When I got to the station, it was clear that this wouldn’t be the case. The back of the station was organised chaos, with volunteers and refugees milling around, distributing food or organising people. Sleeping and children’s play areas had been set up, and this had clearly become a temporary home for hundreds of families. At the ticket office, armed police were guarding the ticket machines, inspecting passports before you were allowed to buy a ticket, not that it would have got you anywhere.

The scale of what Europe is facing rapidly hit me. Although still accepting refugees, Germany is obviously desperate to regain some control over the situation, and the border at this rail crossing is probably going to remain closed for some time. I had to find another way to get to Munich.

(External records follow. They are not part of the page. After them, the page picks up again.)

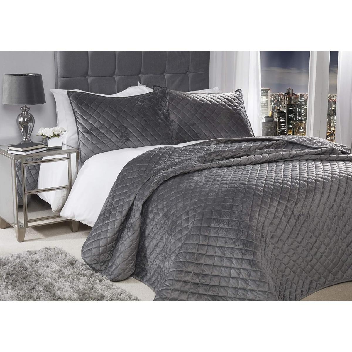These luxury crushed velvet quilted bedspread sets with piped edge and a cross stitch panel geometric finish feature a simple but classy design which will be the perfect addition to any bedroom.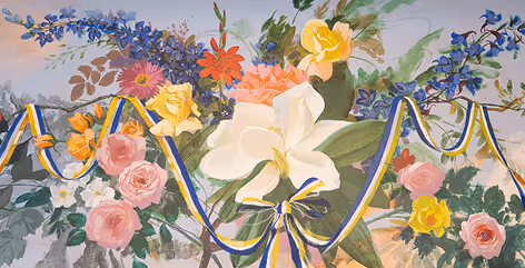 Since 2003, artist Auseklis Ozols returns to the Mansion every 4 years to update the mural with personal touches for each sitting governor and their families.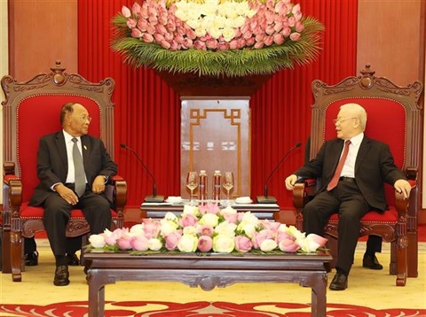 | Le secrétaire général du Parti communiste du Vietnam (PCV), Nguyên Phu Trong (droite), et le président de l'Assemblée nationale du Cambodge, Samdech Heng Samrin. |
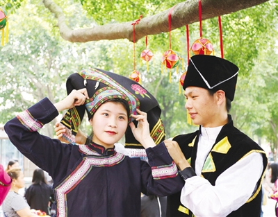 3月31日,“壮族三月三·最炫民族风”活动在百色市右江区体育广场举行。当地各族群众齐聚一堂,通过现场进行壮族手工艺品制作及展示、民族服饰走秀、五色糯米饭派送等活动,传承民族优秀传统文化,喜迎“壮族三月三”佳节到来。(通讯员 陆 杰)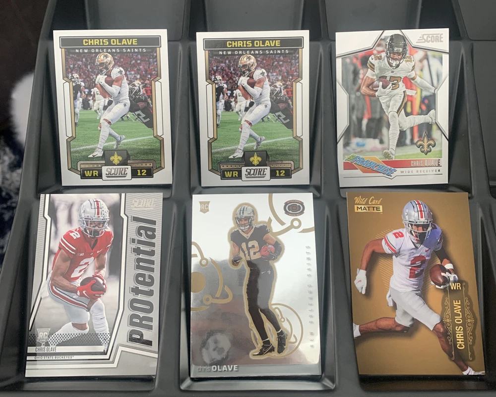 This 6 Card Lot of Chris Olave is perfect for any fan or collector looking to add to their collection. These cards represent some of Olave's greatest moments in his football career. The cards were produced by Panini and Wild Card and feature Olave as a player for the New Orleans Saints. The cards come from the Sports Trading Card category and are part of a Trading Card Lot. They are a must-have for anyone who loves football and especially for fans of Chris Olave. Don't miss out on this great opportunity to add to your collection. Free shipping Item 179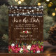 Transportez vos proches dans une fête de Noël champêtre et chaleureuse dès leur boîte aux lettres grâce à nos cartes d'enregistrement de date rustiques. Le fond chaud de tonneau en bois sombre, les accents de fleurs festifs et les lumières scintillantes fantaisistes leur donneront l'esprit des fêtes. Parfait pour tous ceux qui veulent ajouter un charme rustique aux festivités de cette saison.

Tickets into Germany were scarce, selling out quickly, and mainly only available at sales offices, not online. Buses seemed to be the only way, but with roadblocks throughout Austria, and the border being partially closed, it wasn’t clear if anything would be running at all, how delayed it might be, or if it might have to turn back. Neither the bus operators nor the staff at the bus stations could offer any reassurances. After a day of chasing tickets for services that shortly got cancelled, I shelled out a final €40 for a night bus that looked hopeful, and settled down for an evening of obsessing about roadblocks and border controls.

Just before midnight, dozens of clearly stressed people waited for the bus, worrying about where they would stay should they be left without anywhere to go in the middle of the night. When the bus finally arrived, the passengers desperately swarmed towards it, overpowering the driver.

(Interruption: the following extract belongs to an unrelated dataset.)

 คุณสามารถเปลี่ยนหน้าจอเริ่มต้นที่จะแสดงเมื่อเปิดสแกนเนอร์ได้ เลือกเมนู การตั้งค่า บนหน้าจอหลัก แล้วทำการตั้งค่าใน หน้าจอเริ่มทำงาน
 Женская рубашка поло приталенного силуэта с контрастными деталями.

I was lucky. The only thing that this cost me was a wasted ticket to the ballet (that I didn’t go to so I could catch the bus), some money, and a few hours of my time. I was stressed, for sure, but it was nothing compared to the stress and desperation that has become the reality for many families whose lives have become a matter of trying to find ways to travel to the next country.

In most of the central European countries, people are clearly very sympathetic to their plight, and are very willing to offer provisions, belongings, time and space to help ease the situation.

Our opinions are what define us as people, and what make us human

In the UK we’re clearly shielded from the worst of this crisis. Beyond the basics in the news, I hadn’t kept abreast of all the reporting surrounding this exodus of humanity, and so it wasn’t until I saw the crisis for myself that it became more of a reality, and I immediately become far more empathetic.

Cold, hard facts can tell you a lot about a situation, but to really understand it, you need to feel.

People write about their opinions to convey their emotional response to those that cannot witness something first­hand.

Through observing the reaction of others, we can be more informed, and draw more educated conclusions for ourselves. Through discussion, we can challenge negative sentiments, spread awareness, and explore new viewpoints.

Our opinions are what define us as people, and what makes us human. It is my opinion that if we experience something that changes our perspective, it is almost our duty to share that.

I am humbled to admit that the conclusions I draw at first are not always the way that I want to see things, and it is the ideas of others that change that. Comment is something that is important to me, and something that I’m proud of.